Ortega and Pino (1996) in a comprehensive literature review on guava volatile compounds considering guava, pulp and guava puree, individually, reported the aldehydes, specially the C6 group, as important for guava aroma. They also considered the cinnamyc derivatives as possible contributors to balsamic aroma note perceived in ripe guava. Esters are predominant for sweet floral aroma.
3.2 Identification and quantification of guava nectar volatile compounds: heat treatment effect - time zero
Figure 3 is a typical gas chromatographic profile of guava nectar samples before (black) and after (gray) heat treatment. Table 1 summarizes the analysis of variance of volatile compounds content in guava nectar at time zero, no storage.
It can be seen in Figure 1 that in the control sample, 10 ºBrix, 1-C, all eight picks analyzed decreased in intensity after pasteurization, as compared to the same sample, not pasteurized. This decrease was higher, especially for pick 1 (hexanal) and pick 3 ((Z)-hex-3-enyl acetate). The analysis of variance of volatile compounds content at time zero, Table 1, did not detect significant effect of interaction formulation × heat treatment (p > 0.05) for any of the compounds in guava nectar. Even though there seems to be a decrease in the volatile compounds concentration due to heat treatment, as shown in a typical chromatogram, Figure 3, the analysis of variance, Table 1, only detected significant difference (p < 0.01) for hexanal, pick 1 and, (Z)-hex-3-enyl acetate, pick 3.
Losses of volatile compounds due to pasteurization, even in small amounts, are important from product aroma standpoint. Furthermore, cooked flavor can be developed in the product as a consequence of heat treatment (FELLOWS, 1997).
Volatile compounds mean values found in heat pasteurized and not pasteurized guava nectar with 10, 12, or 14 ºBrix are presented in Table 2.
In Table 1, it can be observed a significant effect (p < 0.05) of formulation for (E)-hex-2-enal and (Z)-hex-3-enyl acetate. It can also be observed a significant effect of heat pasteurization only for hexanal and (Z)-hex-3-enyl acetate with a trend of decreasing these compounds level with pasteurization.
There is also a trend of increasing (E)-hex-2-enal as ºBrix of formulation increase (Table 2). The 12 ºBrix formula tend to have higher levels of (Z)-hex-3-enyl acetate. The hexanal losses, in concentration for nectar of 10, 12 and 14 ºBrix, were 55.4, 38.7 and 62.0%, respectively. Losses of (Z)-hex-3-enyl acetate, for nectar of 10, 12 and 14 ºBrix, were 29.0, 33.7 and 35.3%, respectively. These findings lead to the conclusion that hexanal and (Z)-hex-3-enyl acetate were the most sensitive to heat treatment at 85 ºC/42 sececonds among the eight compounds analyzed.
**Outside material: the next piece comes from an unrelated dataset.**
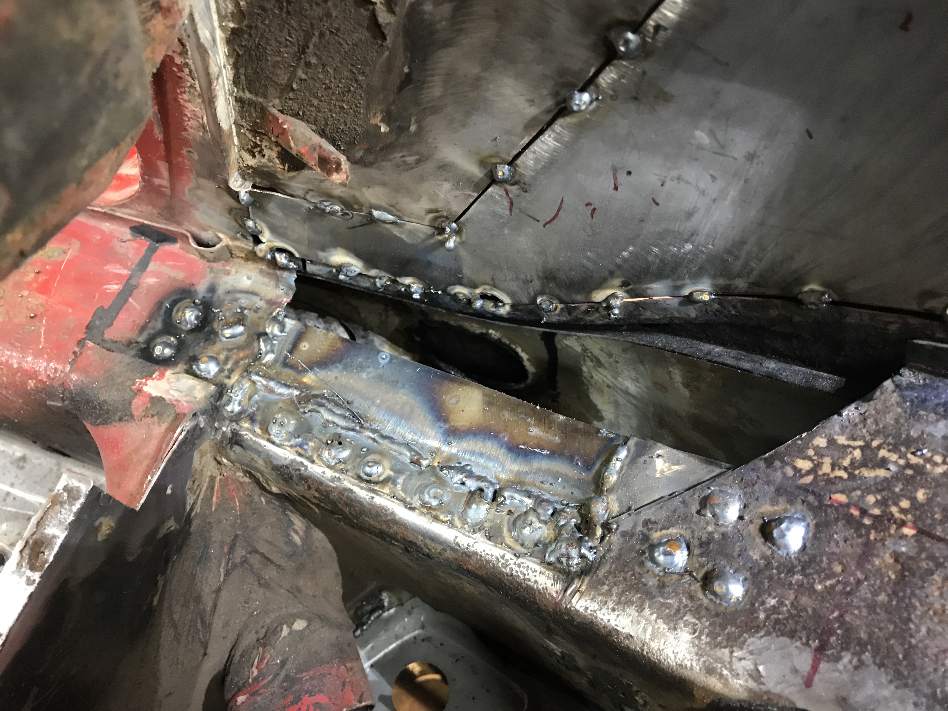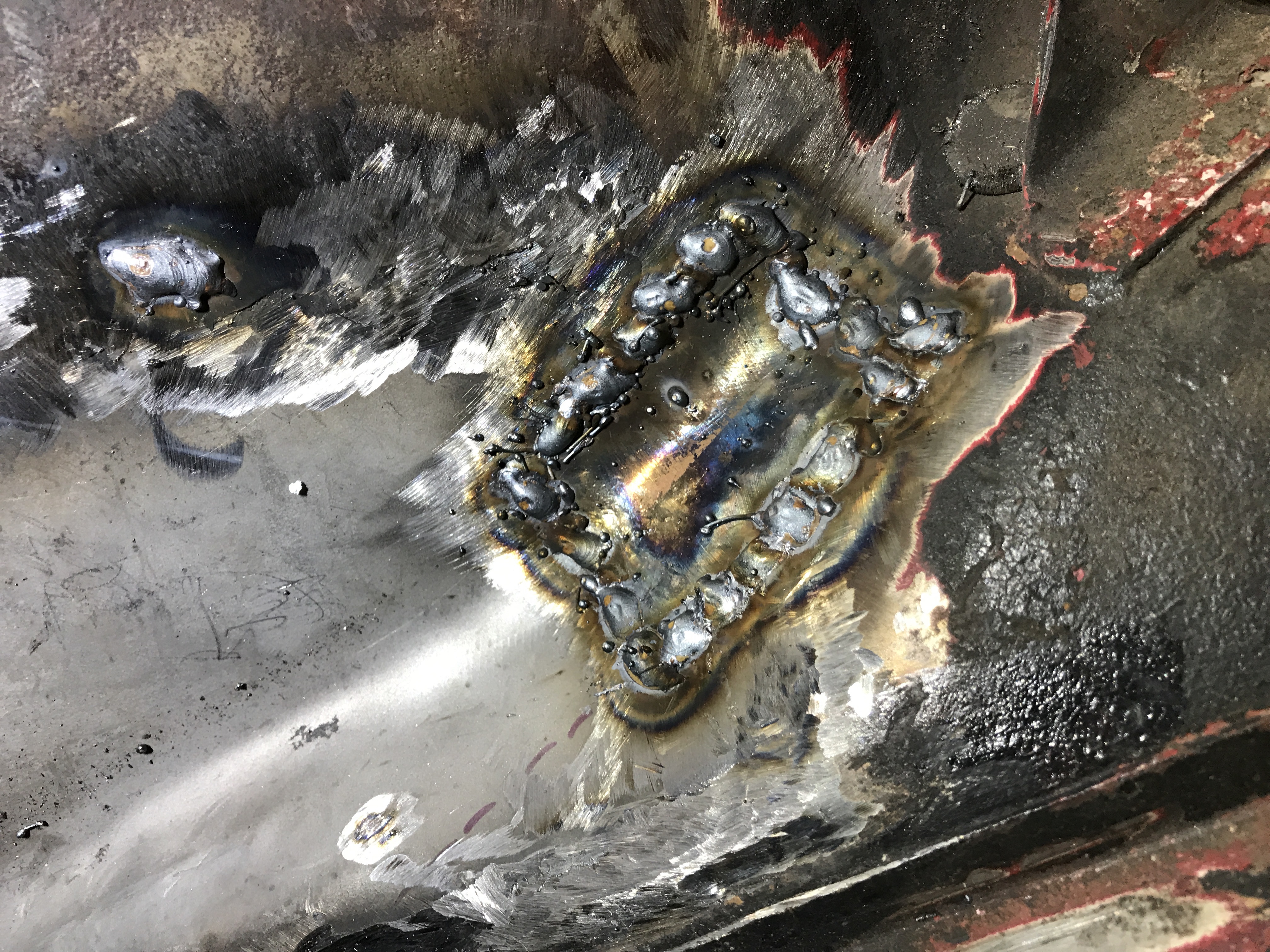 Did some grinding and then tried to finish the butt seam welding around the patch. Got it done, but very frustrating with lots of burn-throughs. The final result is ugly, with lots of thick spot welds and big boogers. That will lead to more quality time with my grinder.

Janzantti (1996) found hexanal as the major volatile compound in clarified apple juice and the one with higher decrease in concentration after heat treatment of 80 ºC/20 minutes. El-Nemr, Ismail and Askar (1988) observed a decrease in concentration of all volatile fractions in mango juice with processing, and they attributed this fact to evaporation, specially the esters fractions.
The mean values observed for guava nectar in this research, Table 2, for hexanal, 8 ng.µL-1, 3-phenylpropyl acetate, 4.65 ng.µL-1 and, cinnamyl acetate, 0.66 ng.µL-1 are similar to those found by Chyau, Chen and Wu (1992) in guava pulp. As for (E)-hex-2-enal, hexanal, (Z)-hex-3-enol and (Z)-hex-3-enyl acetate, the above mentioned authors reported higher values than those found in this research, 13.0, 2.7, 5.7, and 14.0 ng.µL-1, respectively. However, Ortega et al. (1998) reported values for hexanol, (Z)-hex-3-enol and (Z)-hex-3-enyl acetate and, also for 3-phenylpropyl in guava juice similar to those found in this research.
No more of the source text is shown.